Part of the QT_V.2 tokenizer family by Quartz Data Infrastructure, the open data layer behind AENEA.

FLORES-200 Results (204 Languages · 1,012 Parallel Sentences)

Metric QT 64K QT 96K QT Code 114K Llama 3 (128K) Tekken (131K) Qwen 2.5 (152K)
Total tokens 13,592,357 12,961,617 13,007,924 16,764,198 14,421,539 15,425,680
Equity ratio 41.0× 31.6× 43.3× 118.6× 127.9× 77.7×
Mean fertility 4.18 3.94 4.03 5.72 5.34 4.91

The equity ratio measures the gap between best-served and worst-served language (lower is fairer).
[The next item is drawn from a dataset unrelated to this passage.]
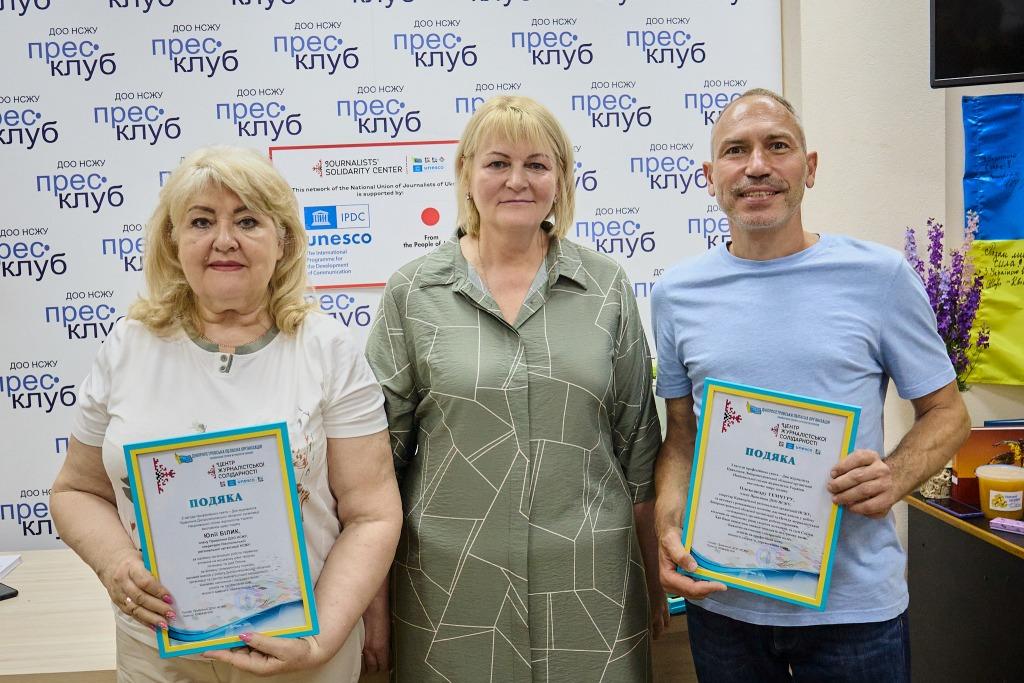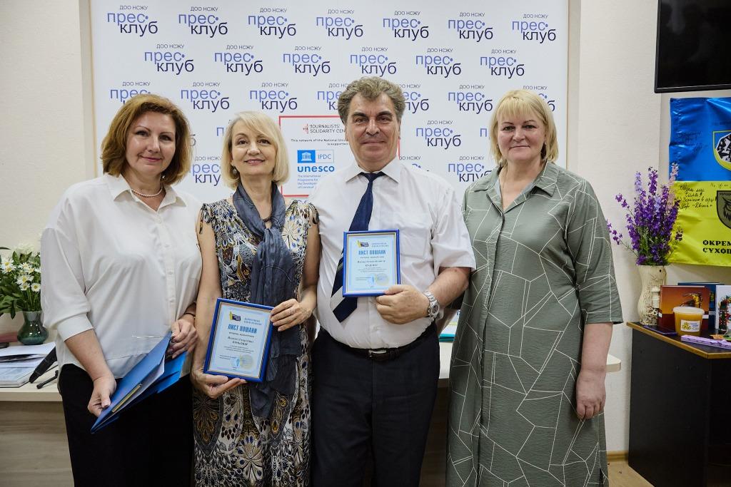 За високий професіоналізм, вагомий внесок у розвиток української журналістики, відстоювання демократичних ідеалів та свободи слова, захист інформаційного простору в часи російсько-української війни Подяку від голови Національної спілки журналістів України Сергія Томіленка отримали:

QT 64K at 41.0× is 2.9× more equitable than Llama 3 (118.6×) and 3.1× more equitable than Tekken (127.9×) — at half the vocabulary.

Where QT 64K Dominates (FLORES-200 tok/word)

Language QT 64K Llama 3 Tekken Qwen 2.5
Tibetan 42.5 149.8 168.4 98.0
Odia 4.16 16.90 18.30 13.65
Khmer 17.1 40.9 70.5 30.7
Georgian 3.83 15.47 3.93 8.33
Sinhala 3.84 11.37 16.60 9.17
Amharic 3.90 11.95 11.98 6.45

Field Benchmark (66 Tests)

Metric Value
Total tokens 3,593
vs Llama 3 (128K) 36.3% fewer tokens
vs Tekken (131K) 17.3% fewer tokens
vs Qwen 2.5 (152K) 30.7% fewer tokens

When to Use This Variant

QT_V.2 64K is ideal when you need the smallest possible embedding table — for parameter-constrained small models, edge deployment, or when every MB of VRAM matters.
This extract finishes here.